第8回 教える前に「キー・フレーズ・リスト」を作っておこう:新入社員がやってくる──専門知識を教える技術(4/5 ページ)
ガンガン教えてください!!――学習者に学ぶ姿勢ができたとすると、次に問われるのは「教える側」の準備。「先生」の教え方が下手だったら、学習成果は上がりません。まずは「キー・フレーズ・リスト」を作っておきましょう。
シングル・ミーニングに注意する
もう1つ、これも手軽にチェックできるポイントがあります。それは、
- 同じ単語は1つの意味だけで使うこと
です。例を挙げましょう。図2には下記のような文面がありました。
- 2.レイヤー1「物理層」は、ノードがネットワークにつながるところまで
- 3.レイヤー2「データリンク層」は、隣接するノード間のデータの授受まで
- 4.レイヤー3「ネットワーク層」は、ほかのネットワークにあるノードとも接続できるようになるまで
この中では例えば「レイヤー1」の話が2フレーズ目に、「レイヤー2」の話が3フレーズ目に、という具合でレイヤーの数字とフレーズの番号が微妙にズレています。

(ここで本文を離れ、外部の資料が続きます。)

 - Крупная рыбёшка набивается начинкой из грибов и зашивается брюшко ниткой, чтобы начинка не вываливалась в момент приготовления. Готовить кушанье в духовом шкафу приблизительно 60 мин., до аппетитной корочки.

こういうズレがあると、「2」なら「2」という数字がフレーズ番号を指しているのかレイヤー番号を指しているのか、会話の途中で混乱を引き起こしがちなのでちょっと心配です。
かえって番号が大きくズレているときのほうが混乱しにくく、微妙なズレは紛らわしいものです。そこで例えばフレーズ番号のほうを1、2、3ではなくa、b、cのような別な番号体系を使うことも検討しましょう。「教える」プロはこんなところまで気を使います。
シングル・ミーニングについてはもう1つ、例えば上の事例では「ネットワーク」という用語が危ないですね。

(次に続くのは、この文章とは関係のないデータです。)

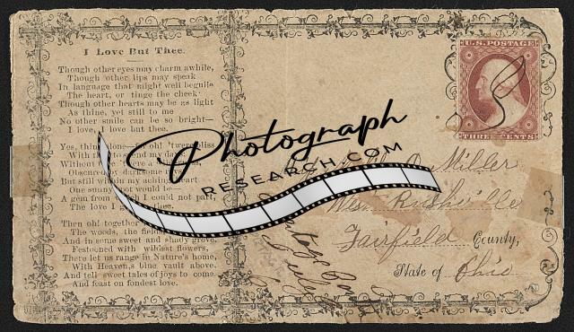 Photo of Civil War envelope,'I love but thee' in ornamental border,stamp,writing

- レイヤー1「物理層」は、ノードがネットワークにつながるところまで
このフレーズでの「ネットワーク」は、厳密に言うとネットワークの通信媒体であるケーブルあるいは無線LANの電波のことです。一方で、
- レイヤー3「ネットワーク層」は、ほかのネットワークにあるノードとも接続できるようになるまで
このフレーズで「ほかのネットワーク」とある時の「ネットワーク」は、厳密に言うとTCP/IPでいうところのサブネットレベルのネットワークのことを言っています。さらに「ネットワーク層」と「層」がつくとまたそれとも違う概念になります。つまり「ネットワーク」という一単語が場所によって違う意味に使われていることになるわけで、これは初心者にとっての理解の負担を著しく上げてしまうため、かなりの問題なんですね。
- どうしてもやむを得ない場合もありますが、できるだけ1つの単語で1つの意味だけを表す
ように気を付けましょう。それが「シングル・ミーニング」です。それが難しい場合には、同じ単語で別な意味を表している部分についてはしっかり説明をすることです。そうしないと初心者は混乱してしまいます。「シングル・ミーニング」の原則も、教えることに慣れていないとなかなか守れないことなので、ぜひ気を付けてください。